Martine Franck est née le 2 avril 1938 à Anvers, dans une famille de collectionneurs belges passionnés par la sculpture. Après avoir grandi en Angleterre et aux États-Unis, Martine Franck a su combattre sa timidité et aiguiser son œil au contact des œuvres d’art dénichées par ses parents. Martine Franck passe son enfance aux États-Unis et en Angleterre avant d'étudier l'histoire de l'art à Madrid puis à l'École du Louvre. Elle racontera en 2007 au journaliste Roland Quilici que c’est en 1963 qu’elle va découvrir la photographie par hasard, lors d’un voyage en Extrême-Orient : « J’ai obtenu un visa pour la Chine et mon cousin m’a prêté son Leica en me disant que j’avais beaucoup de chance et qu’il fallait que je rapporte des images ».
Début de carrière :
Elle débute chez Time Life en 1963 à Paris comme assistante des photographes Eliot Elisofon et Gjon Mili. Elle travaille également comme indépendante pour quelques grands magazines américains comme Fortune, Sports Illustrated, le New York Times ou Vogue. En 1964, elle devient la photographe officielle de la compagnie du Théâtre du Soleil d'Ariane Mnouchkine. Elle rencontre Henri Cartier-Bresson en 1966 lors de la couverture pour The New York Times des défilés de mode à Paris. Notre photographe humaniste belge va l’épouser en 1970. La même année, elle rejoint l'agence VU avant de devenir l'une des cofondatrices de l'agence Viva en 1972. Durant les années 1980, elle s'investit dans des actions sociales avec la création d'un projet en 1983 pour le ministère délégué aux Droits de la femme puis avec les Petits frères des Pauvres. Elle se focalise principalement sur les portraits d'artistes et d'écrivains et rejoint l'agence Magnum Photos en 1983.
Entre le social et le militantisme :
Dans son travail, Martine Franck était tiraillée entre l’envie de documenter, de témoigner de problématiques sociales contemporaines, et son amour pour la composition. Ce tiraillement n’est que le reflet de l’éternel débat autour du métier de photojournaliste : comment concilier l’éthique et la recherche esthétique ? Pour être photographe, il faut un bon œil, le sens de la composition, de la compassion et un sens de l’engagement", disait-elle. Ce souci pour la composition s’observe dans chacun de ses clichés, à travers lesquels on sent qu’une grande attention est donnée aux lignes, à la géométrie et aux contrastes.
Militante féministe, décorée du titre de Chevalier dans l’Ordre national de la Légion d’honneur, Martine Franck ne photographiait pas sans s’engager pleinement, même si elle se tenait à distance du photojournalisme sensationnel et outrancier. « Tout ne se photographie pas.

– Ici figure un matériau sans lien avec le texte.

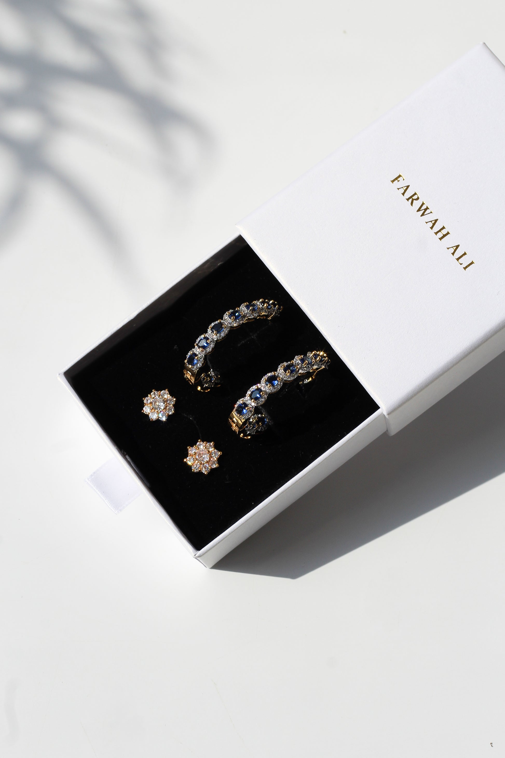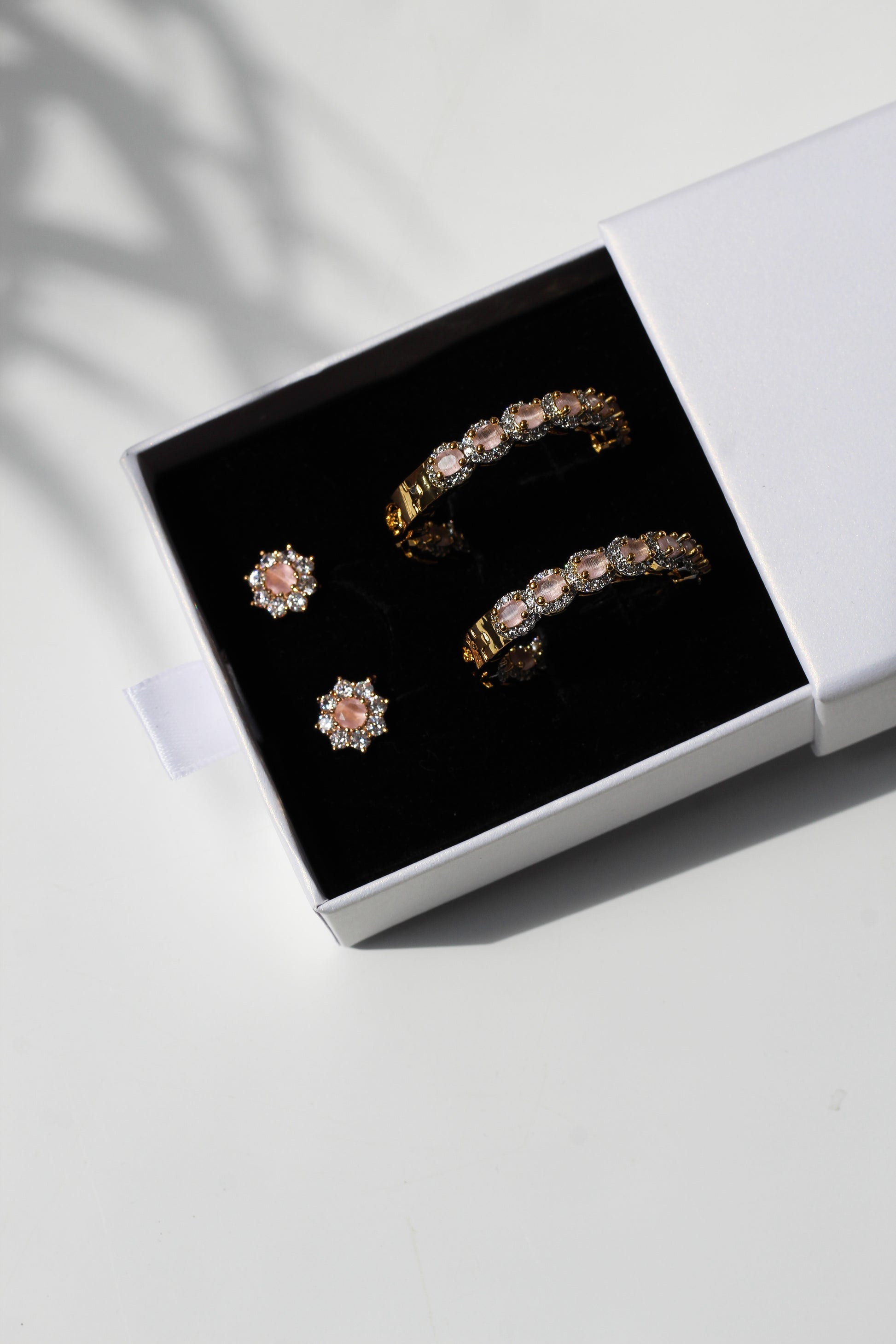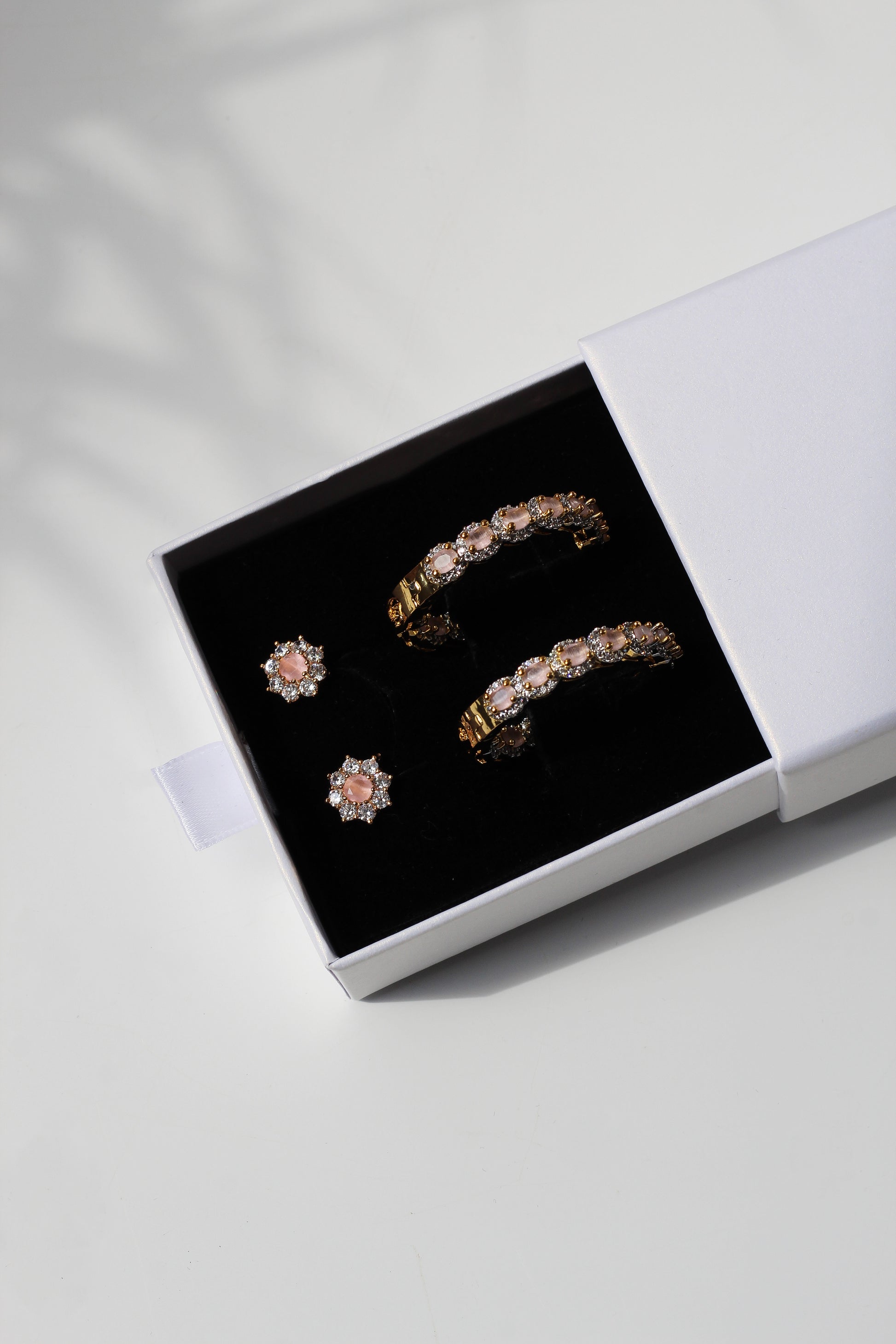 Our LUBNA earring set is the perfect accessory. These lightweight cubic zirconia detailed hoops, finished with gold plating, are sure to add a touch of glamour to any look. The set also includes stud earrings for added versatility.

Il y a des moments où la souffrance, la déchéance humaine vous étreignent et vous arrêtent. Je me sens concernée par ce qui se passe dans le monde et impliquée dans ce qui m’entoure. Je ne veux pas seulement documenter, je veux savoir pourquoi telle chose me dérange ou m’attire et comment une situation peut affecter la personne concernée. Je ne cherche pas à créer une situation et ne travaille jamais en studio ; je cherche plutôt à comprendre, à saisir la réalité. J’ai trouvé dans la photographie un langage qui me convient » disait Martine Franck.
Dans l’ombre d’Henri Cartier-Bresson :
Et pourtant, aujourd’hui, elle a laissé d’importantes archives photographiques et fait partie de ces grandes chasseuses humanistes, comme Sabine Weiss. Hélas, son nom n’est pas aussi connu que celui de son mari, à l’instar d’une Gerda Taro restée dans l’ombre de son époux Robert Capa, un comble quand on sait que c’est elle qui inventa son identité artistique !

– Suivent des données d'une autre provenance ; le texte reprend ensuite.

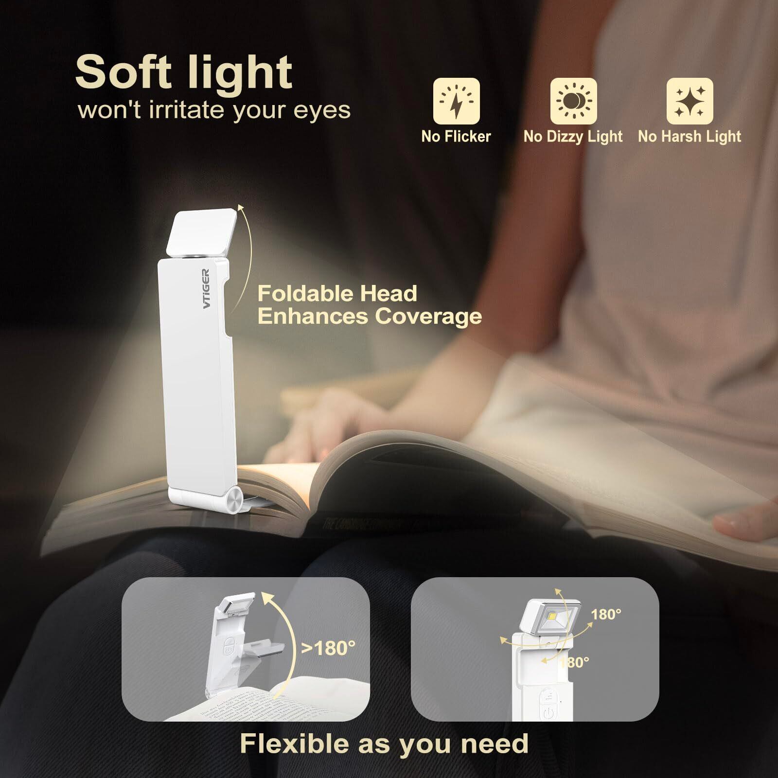 VTIGER 読書灯、折り畳み式 USB 軽量 充電式 LED 小型 図書灯 3つの色温度の琥珀色と4種類の明るさ,で耐久性があり 本の愛好家 子供に最適 寝室 読書 照明 ポータブル 持ち運び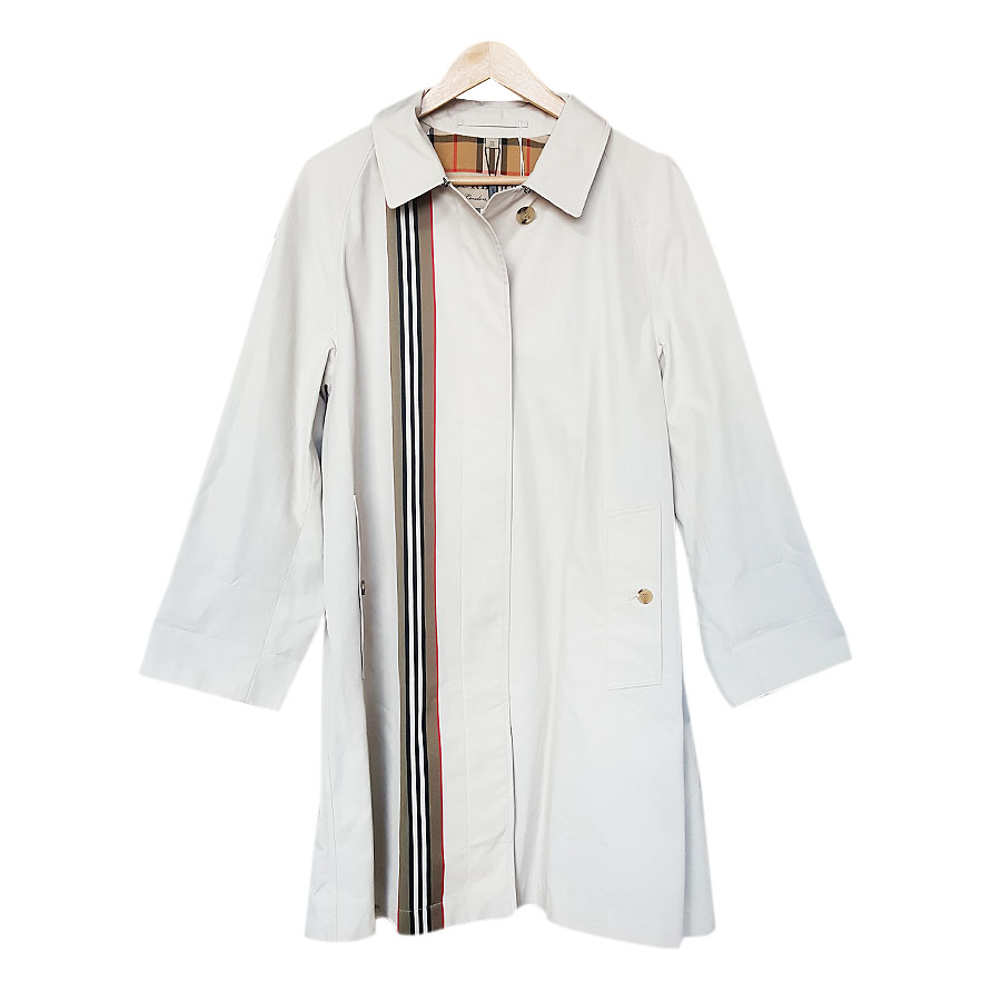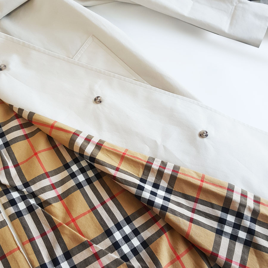 【95新】Burberry博柏利米灰色拼格纹风衣100%棉UK 8码(175/84A)女士现售价:3700!121124TJ18

Elle part sur l'île de Toraigh en 1993 pour étudier les anciennes communautés gaëliques puis au Tibet et au Népal avec l'aide de Marilyn Silverstone pour effectuer un reportage sur le système éducatif des moines Tulku. Défendant la cause tibétaine, elle adhère avec son mari au Comité de soutien au peuple tibétain dès sa fondation en 1987. Elle disait : « Ce qui me frappe en photographie, c’est qu’il y a une envie de comprendre, de se comprendre. C’est une quête incessante de la vie ».
En 2003, elle fonde, avec le soutien de sa fille Mélanie, la Fondation, au nom de son mari, pour conserver à jamais son travail et sa mémoire. En 2003-2004, elle travaille aussi avec le metteur en scène Bob Wilson qui joue les Fables de La Fontaine à la Comédie-Française. Elle meurt le 16 août 2012 à Paris, ses obsèques ont eu lieu deux jours après dans le village de Montjustin dans le Luberon où elle rejoint son mari Henri Cartier-Bresson en terre.